The prognostic implication of the status of the sentinel lymph node cannot be overstated. SLNB has become the standard of care for melanoma >1.0 mm in thickness and provides valuable staging and prognostic information. Similarly, it identifies those with clinically occult melanoma micro-metastasis who may benefit from early elective LND and those who may be eligible for clinical trials or adjuvant therapies [31]. The technique of SLNB is a low-risk procedure with minimal morbidity and low false negativity [32]. Several clinicopathologic factors have been investigated and associated with increased risk of SLN metastasis. Breslow thickness is not only a significant predictor of overall outcome but also of risk of development of regional lymph node metastasis [33, 34]. Other factors such as gender [35], Clark level [36], ulceration [37], age [38, 39] and other tumor-related factors also have an association with lymph node metastasis [40].
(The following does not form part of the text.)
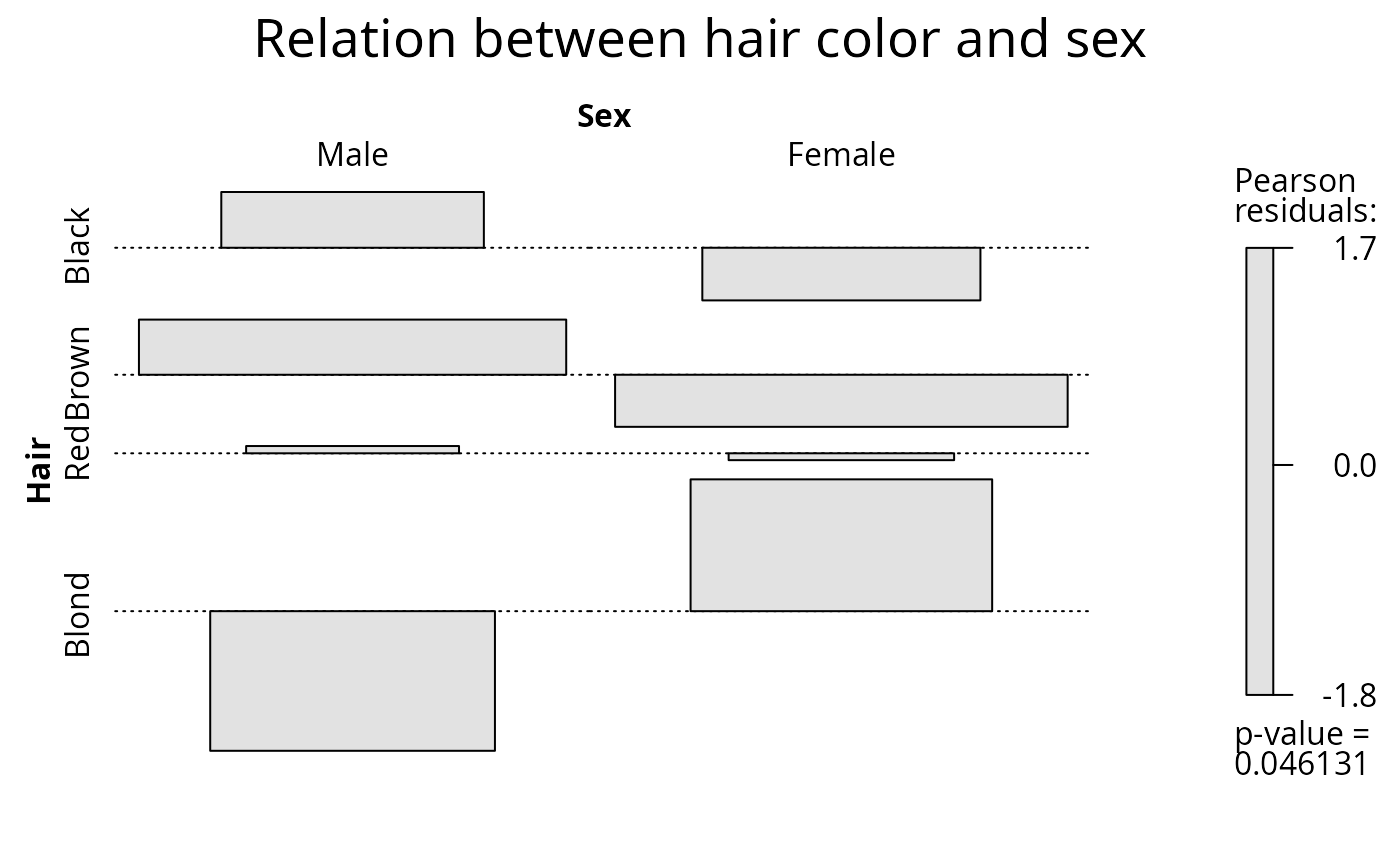 assoc(x, main = "Relation between hair color and sex", shade = TRUE)

While there is general consensus on indications for SLNB, there remains some debate for patients on the extreme ends of the spectrum of disease. Similarly, there are several considerations for when to omit the SLNB. When the likelihood of SLN-positivity is low or of minimal staging benefit, the cost and potential SLNB-related side effects may be prohibitive when compared with wide local excision alone. Thin melanomas (thickness < 1.0 mm) fall within this category. Similarly, patient factors such as extremes of age or significant medical comorbidities may impact the decision to perform SLNB. Specifically, the risk associated with general anesthesia or therapeutic lymphadenectomy may be prohibitive in these instances. These patients may be followed with close observation and expectant management of clinical disease if it is to develop. Previous treatment also has an impact on the utilization of SLNB. Ideally, SLNB occurs in conjunction with excision of the primary tumor. In situations such as prior excision or flap/wound coverage, ambiguous drainage and impaired accuracy of the SLNB may result which may impact diagnostic yield and additional treatment recommendations. In situations of an unsuccessful SLNB or contraindication to SLNB, other surveillance options exist. Ultrasonography (US) has been used to follow and detect sub-clinical recurrence of melanoma. US imaging is the most sensitive and specific imaging modality for detecting nodal melanoma metastasis [41]. Furthermore, US imaging and US-guided fine needle aspiration can accurately identify SLN metastasis in up to 65 % of patients and guide treatment recommendations for those who can avoid SLNB and proceed to therapeutic lymphadenectomy [42]. The role of US surveillance is currently being addressed in Multicenter Selective Lymphadenectomy Trial-II (MSLT-II).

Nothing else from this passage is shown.